WHEREFORE, in view of all the foregoing, the petition is hereby GRANTED. The decision of the Court of Appeals
dated February 6, 1998 in CA-G.R. SP No. 45399 is hereby REVERSED and SET ASIDE. The Regional Trial Court of
Parañaque City is ordered to proceed posthaste in the trial of the main case and to render judgment therein
accordingly.

SEPARATE OPINION

[Rule 119 was not mentioned in the ruling but only on the Separate Opinion that’s why I’m inserting this here. Also,
Section 4 and 5 as mentioned here is now Section 12 and 13 of Rule 119, Rules of Court.]

DAVIDE, JR., C.J., separate opinion


Whether the taking of the depositions of witnesses may be allowed in criminal cases before the Philippine courts must
be squarely resolved. I take an affirmative stand on the issue. For one, we have Sections 4 and 5 of Rule 119 of the
Rules of Court which provides for the Application for examination of witness for accused before trial and Examination
of defense witness; how made, respectively. These Sections refer to the conditional examination of defense
witnesses, which is one mode of perpetuating testimony available to the accused.

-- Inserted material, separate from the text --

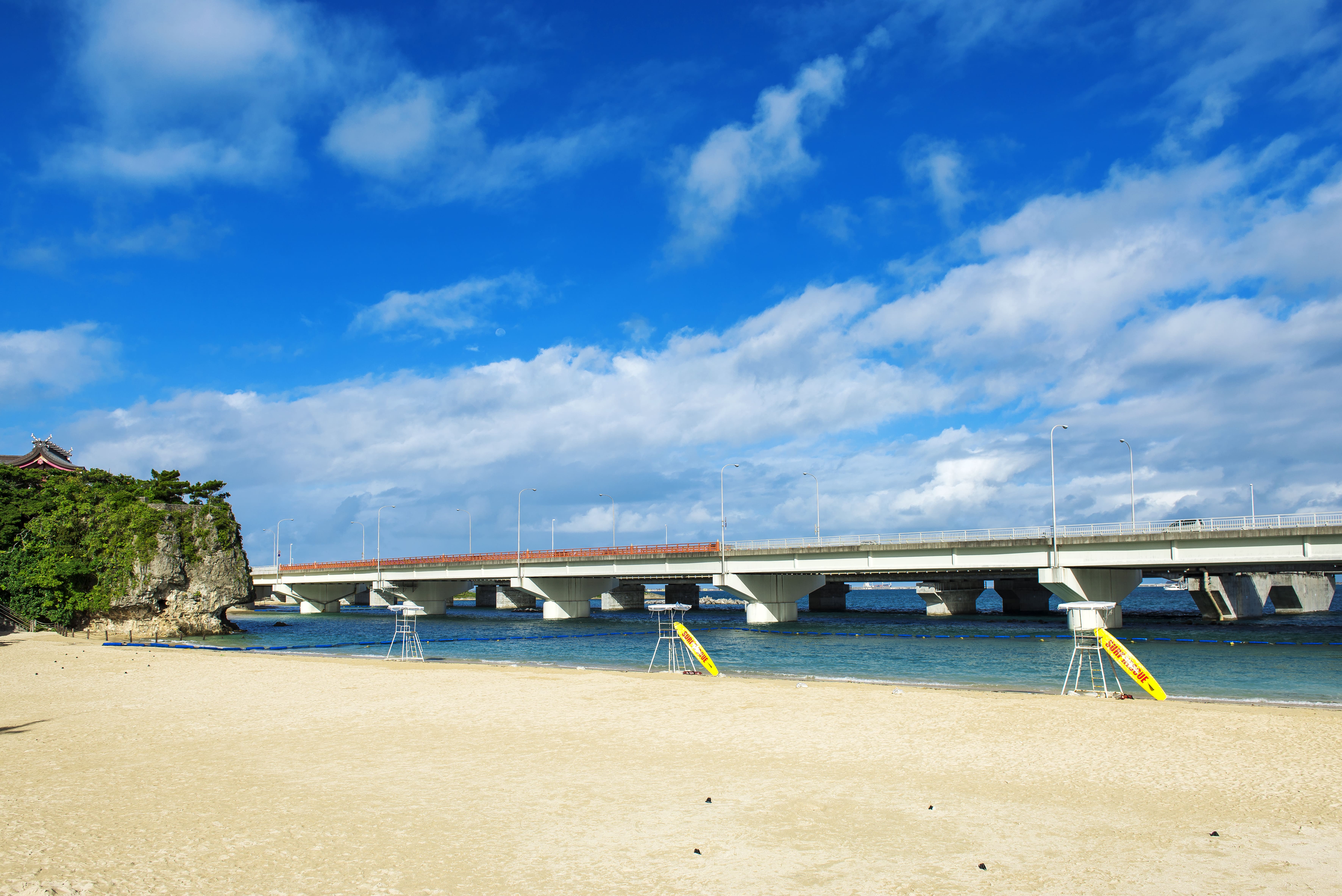 那覇空港まで車で約15分の場所にあるので、「帰る前にもうひと泳ぎしたい」というときに立ち寄れるタウン派ビーチ。更衣室・ロッカーなどの設備が整い、泳いだあとにそのまま街へと出かけることもできて便利。ここは那覇市唯一のビーチで、健康のために朝・夕に泳ぐ人や子ども連れで海を楽しむ家族など市民の憩いの場所にもなっています。波の上うみそら公園では海に囲まれた開放的な空間でバーベキューも楽しむことができます。 ビーチは若狭側、辻側2つに分かれており、若狭側は若狭海浜公園と隣接、辻側はファーストフードなどの飲食店があり、夜景もきれいです。ダイビング・シュノーケル専用ビーチもあり熱帯魚に出会える人気スポットです。(ダイビング・シュノーケル専用ビーチは一般遊泳禁止で、ガイドダイバーの同行が必須です。)
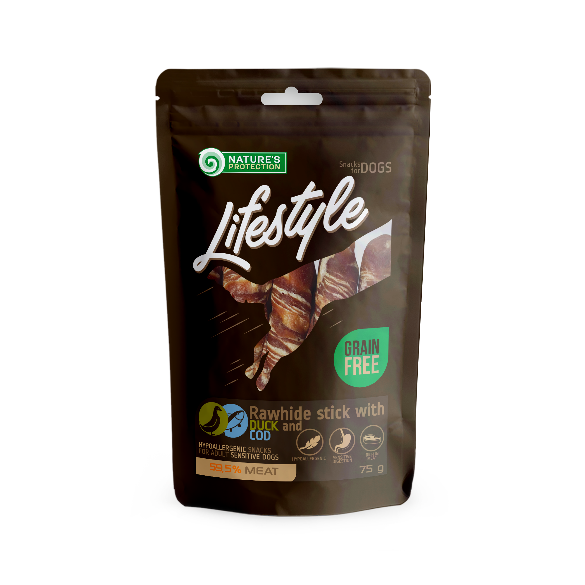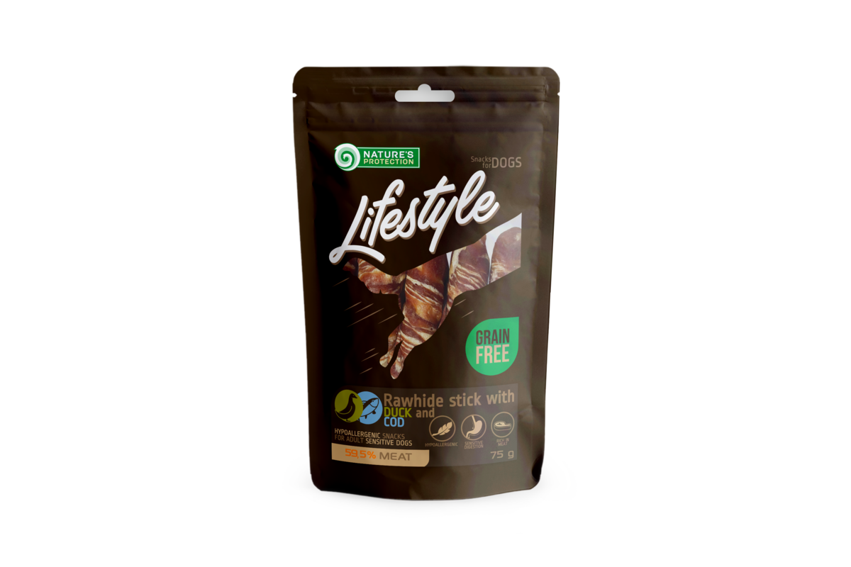 NATURE'S PROTECTION LIFESTYLE snack for dogs rawhide sticks with duck and cod rolls 75 g

This deposition, being to perpetuate
testimony, may be done before the commencement of the trial state, or anytime thereafter, as the need there for
arises, but before the promulgation of judgment.

Then, too, there is Section 7 of Rule 24 of the Rules of Court, which provides for Depositions pending appeal applies
to criminal cases. According to Justice Regalado the procedure in Section 7 is available in all actions, including
criminal cases.

Thus, the ruling in the case of Dasmarinas Garments, Inc. v. Court of Appeals is applicable in the case at bar, to wit:
Depositions may be taken at any time after the institution of any action, whenever necessary or convenient. There is
no rule that limits depositions-taking only to the period of pre-trial or before it; no prohibition against the taking of
deposition after pre-trial. Indeed, the law authorizes the taking of depositions of witnesses before or after an appeal is
taken from the judgment of a Regional Trial Court to perpetuate their testimony for use in the event of further
proceedings in the said court (Rule 134, Rules of Court), and even during the process of execution of a final and
executory judgment. And more importantly, deposition in criminal cases of a witness for the defense who is residing
abroad must be allowed. Involved in a criminal case is not just the status or the property of the defendant, but the life
or limb or the liberty of the accused. If, then, a deposition is allowed for a witness in a civil case, then it is with more
reason that it be allowed in a criminal case; its denial would amount to a deprivation of due process and to the
accused’s right to compulsory process to secure the attendance of witnesses in his favor, which are guaranteed by
the Bill of Rights (Sections 1 and 14(2), Article III, Constitution).

PUNO, J., concurring opinion


Complements the learned opinion of the Chief Justice.

NOTES

Deposition, defined
The testimony of a witness taken upon oral question or written interrogatories, not in open court, but in pursuance of a
commission to take testimony issued by court, or under a general law or court rule on the subject, and reduce to
writing and duly authenticated, and intended to be used in preparation and upon the trial of a civil or a criminal
prosecution.

Deposition, purposes
1. Give greater assistance to the parties in ascertaining the truth and in checking and preventing perjury;
2. Provide an effective means of detecting and exposing false, fraudulent claims and defenses;
3. Make available in a simple, convenient and inexpensive way, facts which otherwise could not be proved
except with great difficulty;
4. Educate the parties in advance of trial as to the real value of their claims and defenses thereby encouraging
settlements;
5. Expedite litigation;
6. Safeguard against surprise;
7. Prevent delay;
8. Simplify and narrow the issues; and
9. Expedite and facilitate both preparation and trial.